1.15.2009

Flying solo

This past summer, I did the unthinkable - or at least what I previously believed to be unthinkable. I lived with five other girls. In a three bed apartment. And shared one room among three people.

I think I was inwardly cranky about the whole idea at first, but it quickly grew on me. It was comforting to be surrounded by lots of people, even if it meant sinkfuls of dishes on occasion or empty bags of potato chips laying out on the coffee table for weeks.

Now that I live by myself, I have to learn to live with myself. With.

It's a funny thing to spend time with yourself, by yourself, for an extended period of time. Past the point where it's fun or relaxing. It's a solemn place to be.

I crashed on my futon after work today while some sitcom droned on in the background. When I woke up, it was about an hour or so until it would be my normal bedtime. I didn't get up and just laid there, thinking a little.

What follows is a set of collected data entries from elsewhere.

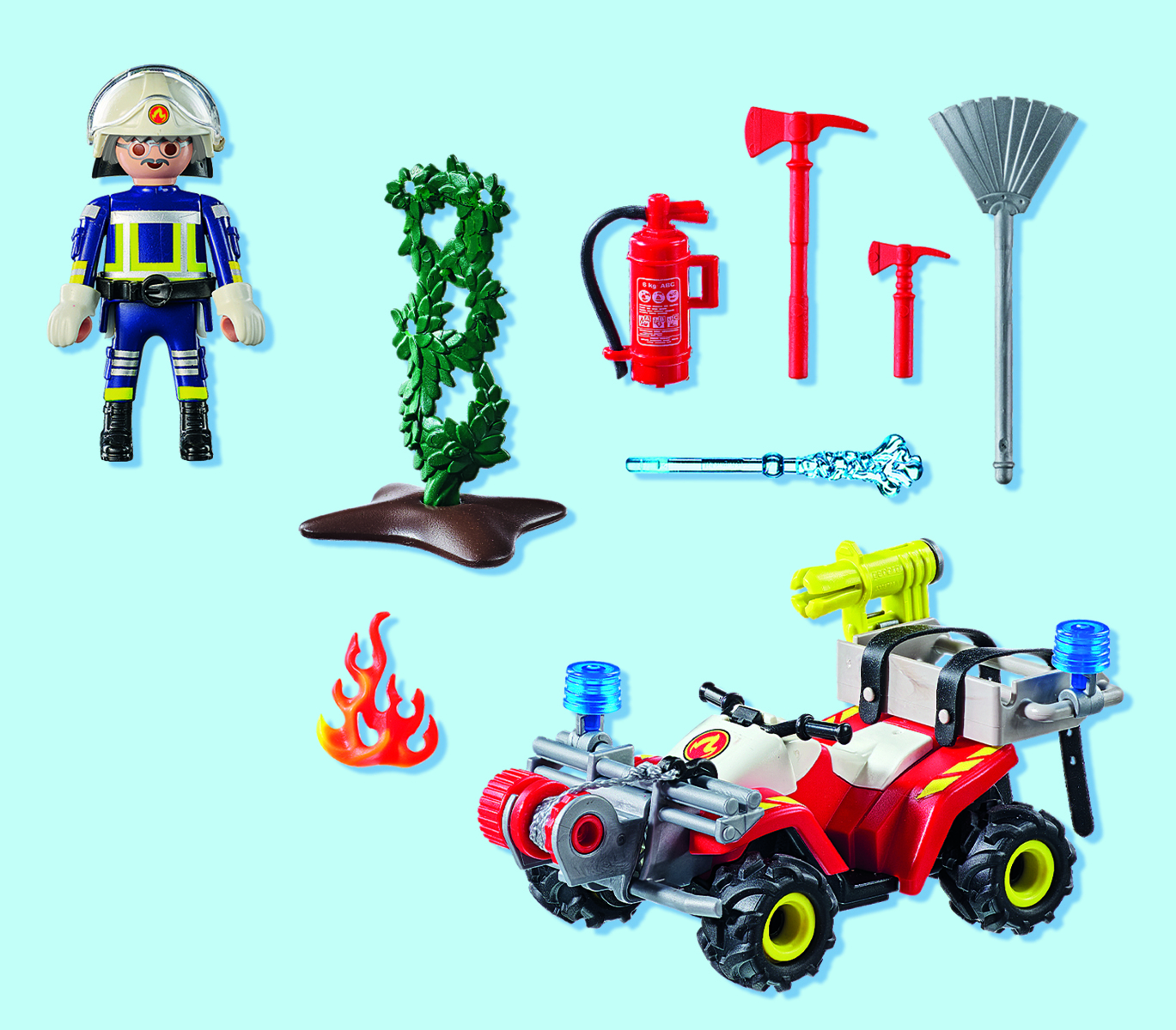 47 osaa. Pelastaja on aina valmis lähtemään moottoripyörällään sammuttamaan tulipaloja. Setti sisältää pelastajan, moottoripyörän ja lisävarusteita. ABS-muovia. Yli 4-vuotiaille.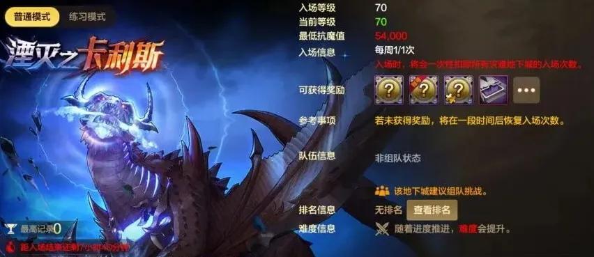 進場抗魔值門檻爲54000點,每週一刷新次數,和“雷龍”共享獎勵!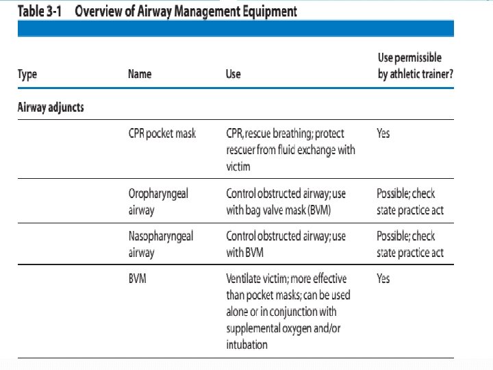 Large sports medicine staffs should consider having at least one person available who has the training and legal status to perform advanced airway techniques. Other devices used to secure an airway require less training and frequency of use to maintain proficiency. State laws may or may not allow athletic trainers to use these devices.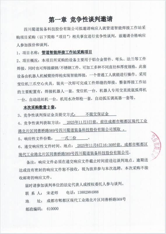 四川蜀道装备科技股份有限公司管道智能焊接工作站设备采购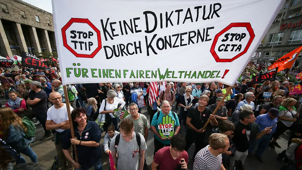 Aus Protest gegen die geplanten Handelsabkommen TTIP und Ceta sind in Deutschland mehr als 100.000 Menschen auf die Straße gegangen. Zwei Tage vor dem SPD-Konvent zum Ceta-Abkommen der EU mit Kanada machten sie ihrem Unmut mit bunten Plakaten, Luftballons und Trillerpfeifen Luft. Allerdings blieb die Zahl der Teilnehmer nach ersten Zählungen hinter den Erwartungen der Veranstalter zurück.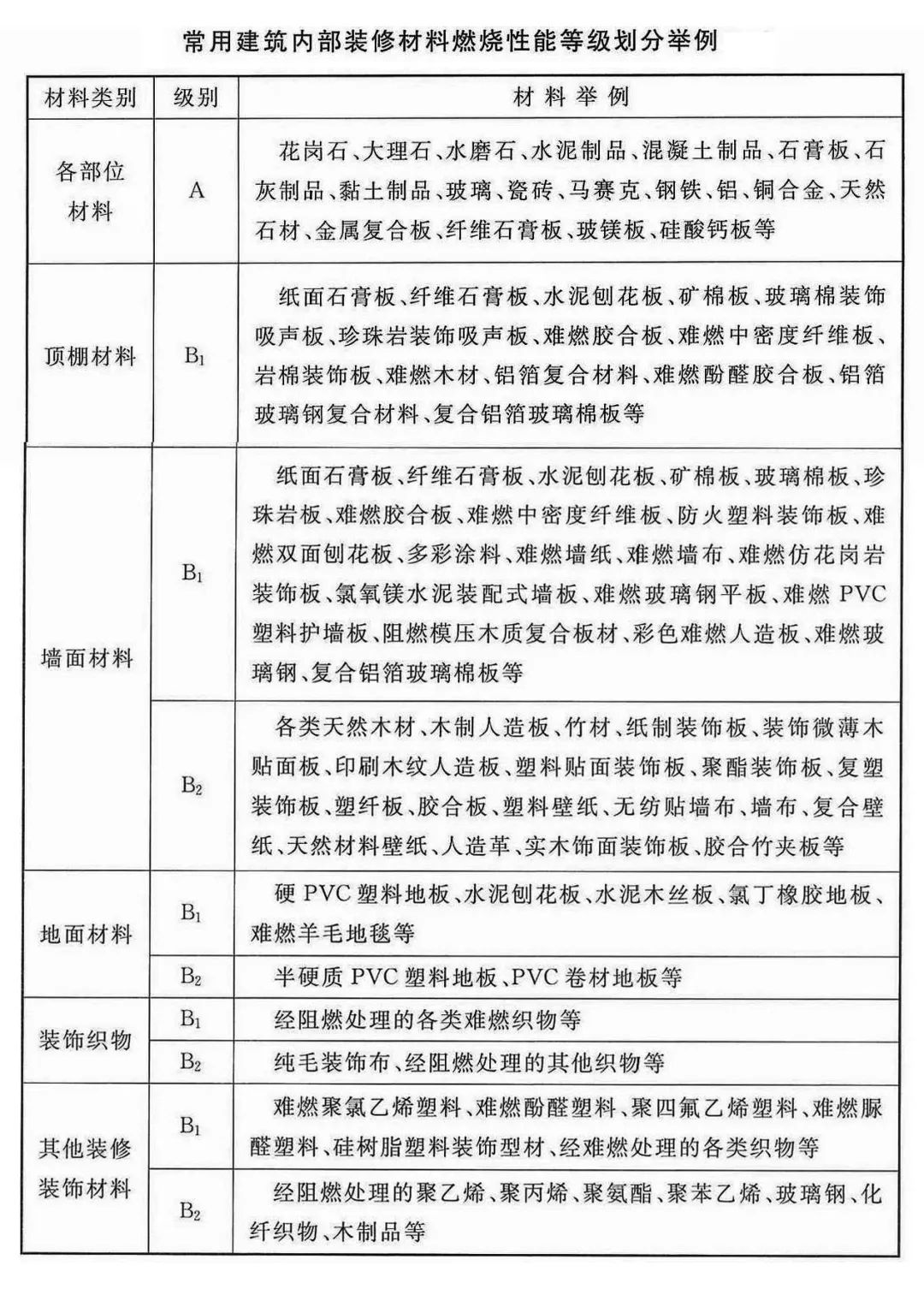 建筑用途、場所、部位不同,所使用裝修材料的火災危險性不同,對裝修材料的燃燒性能要求也不同。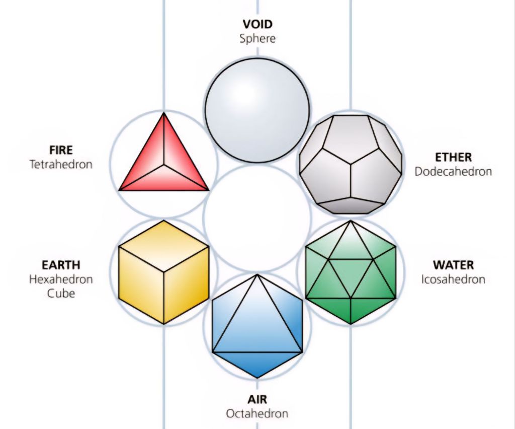 Dodecahedron – Considered to be aether or consciousness, connected to the throat, 3rd Eye and crown chakras. The all prevalent energy or animating force behind all creation, frequency, vibration, light, or information.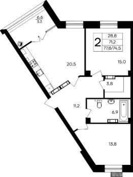 77 м2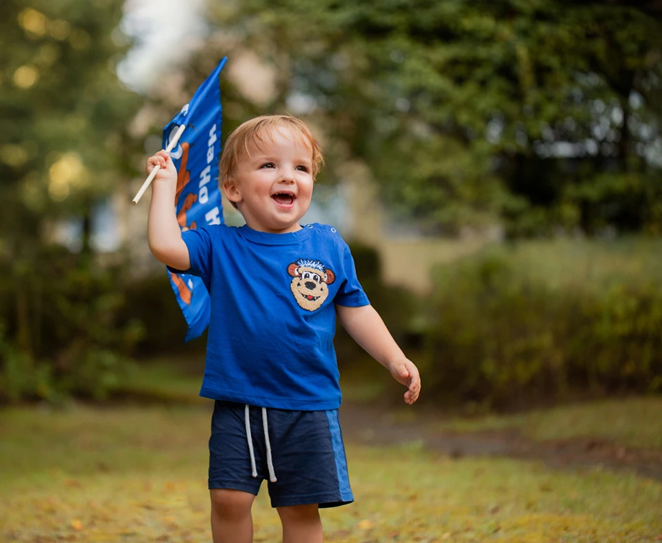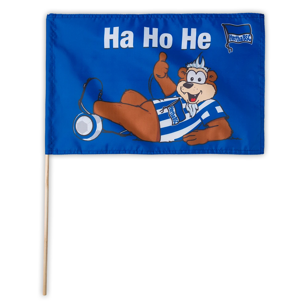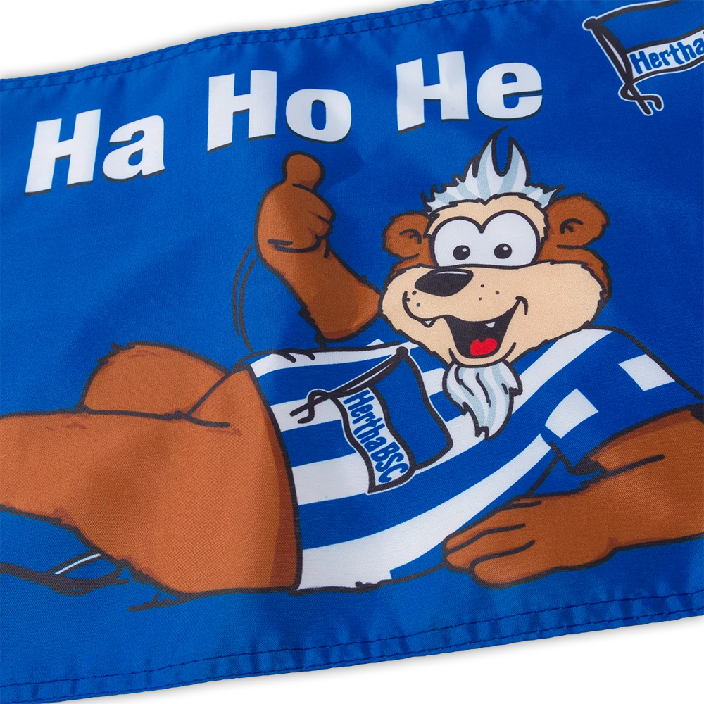 Fahne mit Herthinho Konterfei und dem Schriftzug Ha Ho He.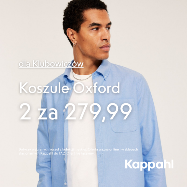 Dotyczy wybranych koszul z kolekcji męskiej. Oferta ważna online i w sklepach stacjonarnych Kappahl do 17.2 dla nowych i obecnych Klubowiczów. Ofert nie łączymy.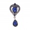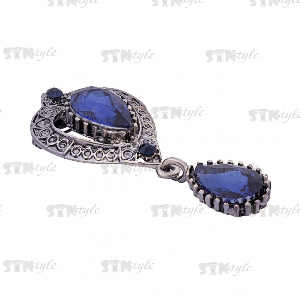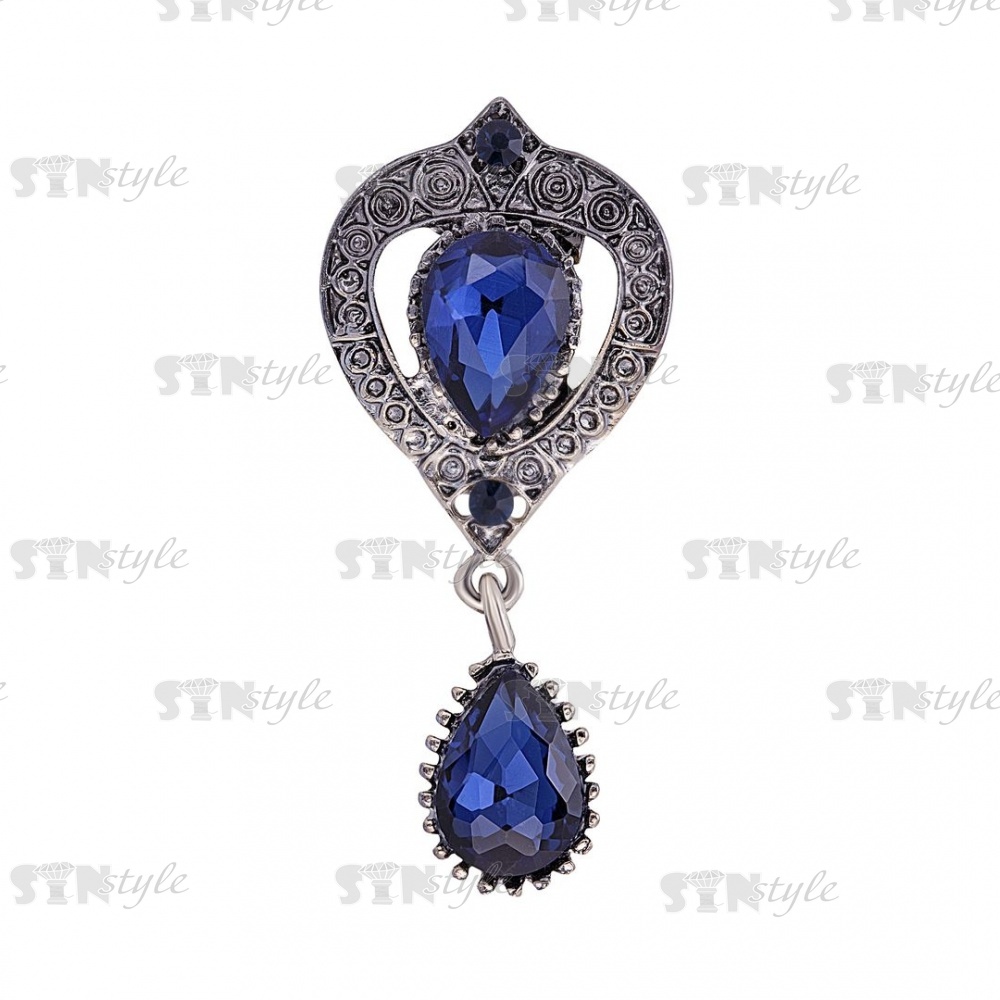 Брошь с подвеской, застежка булавка, цвет темный никель+синие стразы, размер 24х53 мм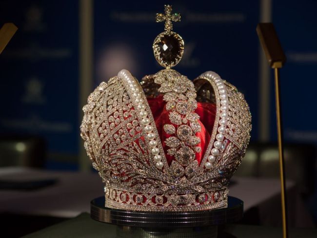Réplica da Coroa imperial russa, encomendada por Catarina II para sua coroação em 1762. Atualmente em exposição no Kremlin.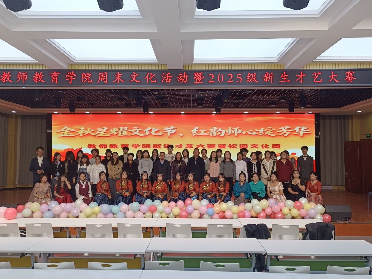 10 月 26 日晚,tyc122cc太阳成集团校团委多功能厅灯光璀璨、掌声雷动,tyc122cc太阳成集团“金秋星耀文化节 红韵师心绽芳华”周末文化活动暨新生才艺大赛在此圆满举行。活动以校团委秋学期周末文化活动部署为指引,旨在丰富校园文化生活,展现青年学子艺术风采,全体师生共同见证了这场青春视听盛宴。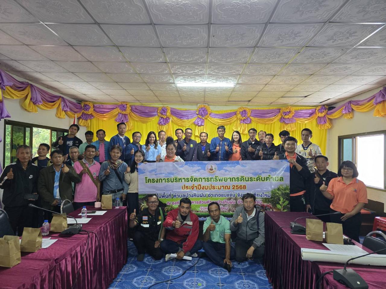 วันพฤหัสบดีที่ 3 กรกฎาคม 2568 นางสาวอนุสรา สมสัก นักวิชาการเกษตรชำนาญการ พร้อมด้วย นางสาวทรายขาว วันนา นักวิชาการเกษตรชำนาญการ กลุ่มวางแผนการใช้ที่ดิน สำนักงานพัฒนาที่ดินเขต 6 พร้อมด้วยเจ้าหน้าที่ฯ ร่วมจัดทำแผนการดำเนินกิจกรรมตามโครงการบริหารจัดการทรัพยากรดินระดับตำบล ประจำปีงบประมาณ พ.ศ. 2568 โดยมีวัตถุประสงค์เพื่อส่งเสริมการใช้ทรัพยากรดินอย่างยั่งยืนผ่านกระบวนการมีส่วนร่วมของชุมชน การวิเคราะห์ชุมชนแบบมีส่วนร่วม (Participatory Rural Appraisal : PRA) เพื่อประเมินสภาพพื้นที่ ลักษณะการใช้ประโยชน์ที่ดิน การจัดการทรัพยากร ดิน น้ำ และป่าไม้ ตลอดจนการรวมกลุ่มของเกษตรกร ซึ่งร่วมกันระดมความคิดเห็น วิเคราะห์ปัญหา พร้อมทั้งเสนอแนวทางการแก้ไข และความต้องการในการพัฒนาพื้นที่อย่างเหมาะสม และยั่งยืนสู่การพัฒนาพื้นที่เกษตรกรรมให้มีประสิทธิภาพ โดยมีผู้เข้าร่วมกิจกรรมจากผู้บริหารองค์การบริหารส่วนตำบลปางหินฝน กำนัน ผู้ใหญ่บ้าน ณ ห้องประชุม ชั้น 3 องค์การบริหารส่วนตำบลปางหินฝน อำเภอแม่แจ่ม จังหวัดเชียงใหม่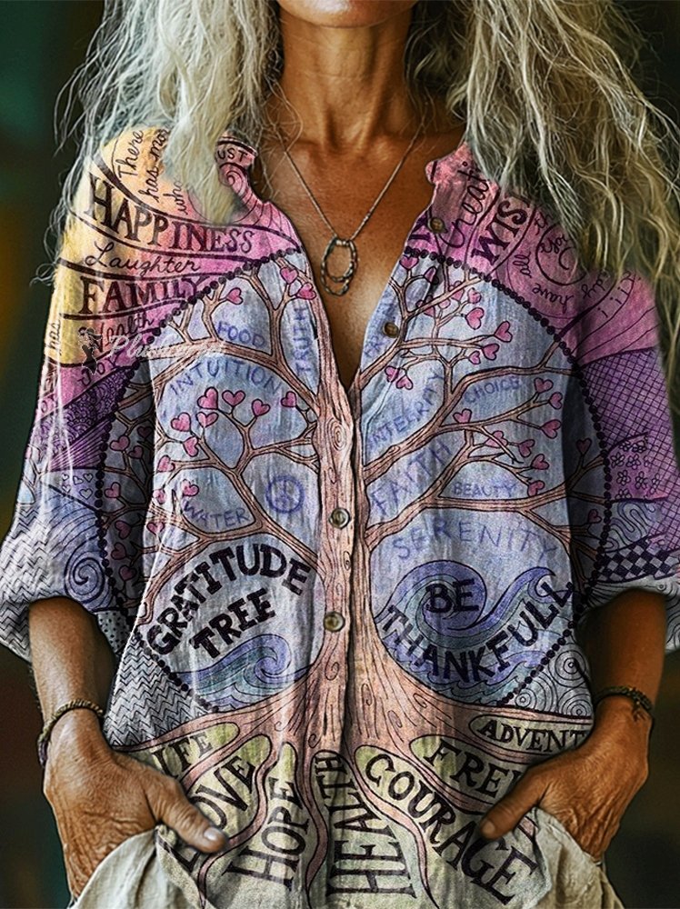 Women's Hippie Peace Art Print Casual Cotton Linen Shirt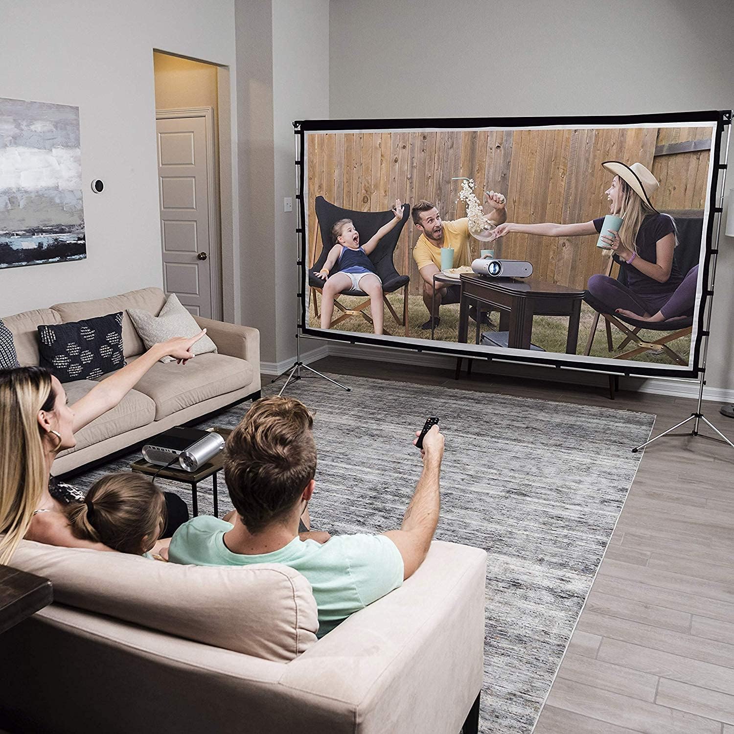 - [Easy to Carry]- The foldable 120" projector screen can be folded into 22*14 inches and fits compactly and securely into the Vamvo's matching carrying bag along with the projector stand and standβs accessories. The Vamvo movie projector screen with stand is perfect for outdoor, home theater, camping, etc. You only need one hand to lift the 6.95 pounds projection screen and carry it anywhere you want to go to start your movie journey.
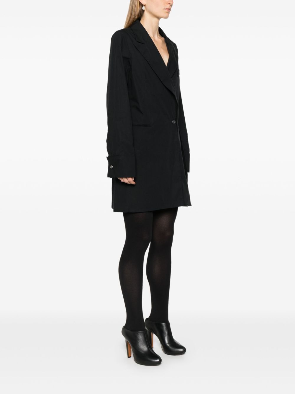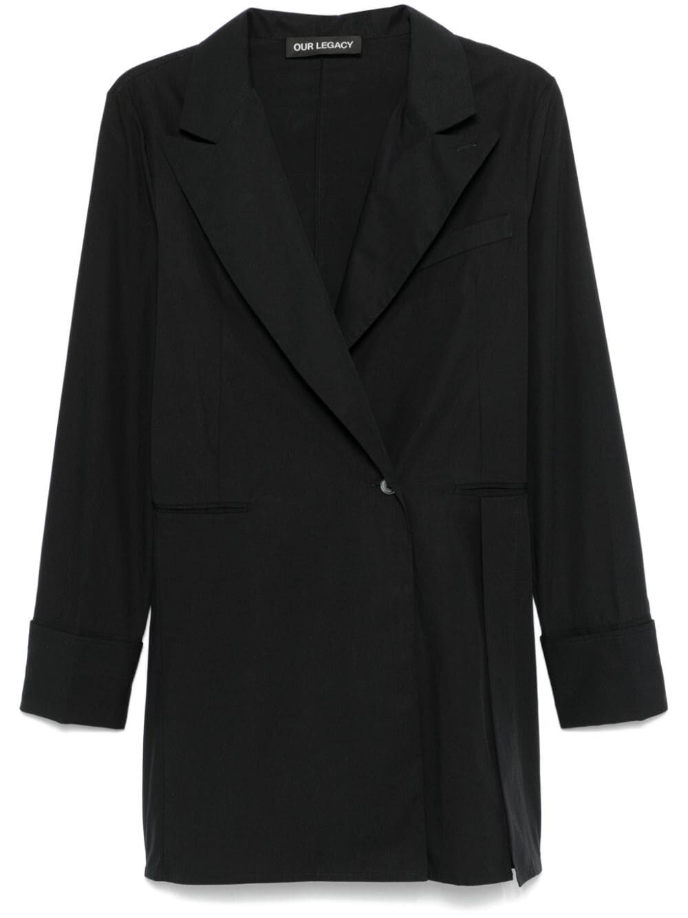Add a touch of sophistication to your style with our BLAZER SHIRT. Made with black cotton and a poplin texture, this double-breasted button fastening piece features peak lapels and long sleeves with French cuffs. Adorned with mother-of-pearl buttons, it also boasts a chest welt pocket and two front jetted pockets with pleat detailing. Perfect for any occasion, this above-knee length shirt is sure to elevate your wardrobe.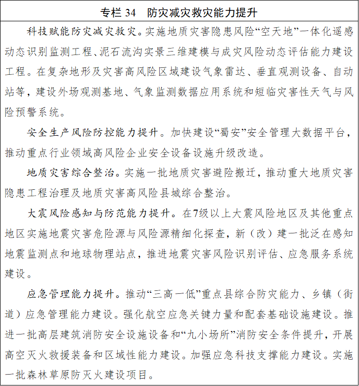 深化科技赋能防灾减灾救灾“揭榜挂帅”机制,推动关键核心技术攻关和成果转化应用。常态化更新灾害风险普查数据,深入推进灾害风险普查成果应用。加强地震、地质灾害、气象、水文等预警预报,构建“空天地”立体监测预警体系,完善预警响应联动机制。开展森林草原防灭火常态化治理,开展重点流域防洪,推动地质灾害隐患防治,支持地质灾害高风险县城综合整治。加强应急抢险救灾装备配备及物资储备,实施应急避难场所提升改造,加强综合性常备骨干力量以及航空、高原高寒、轨道交通、桥梁隧洞、深水打捞等专业救援力量建设。提升房屋和基础设施地震灾害风险感知与防范能力,增强公众地震避险意识和能力。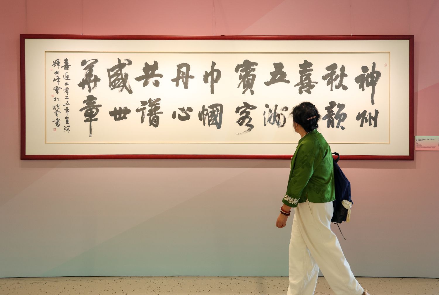 10月13日,一名女性参观全球妇女峰会女性主题特展“华韵承芳·非遗共赏”。

Contrary to popular belief, I don't think all that much. Reflecting on myself, my character, behavior, habits, goals, isn't always an easy or pleasant task to endure. It takes, for me, a mighty level of brainpower to reflect on things in a productive, meaningful, fruitful fashion - in a way that elicits change. For me, the the purpose of reflection is change.

Looking back, I see it was a lot easier not to be as reflective while constantly being surrounded by people. Some people can swing it - I'm the type that actually needs physical space and seclusion. I like being surrounded by friends, and I want to go back to that kind of environment. But if my current living situation is any indication, I think there's something I am needing to gain from being alone. What is it? I don't know exactly. Maybe more thinking, changing, and thinking, changing. I feel a shift in the winds. It's a new season.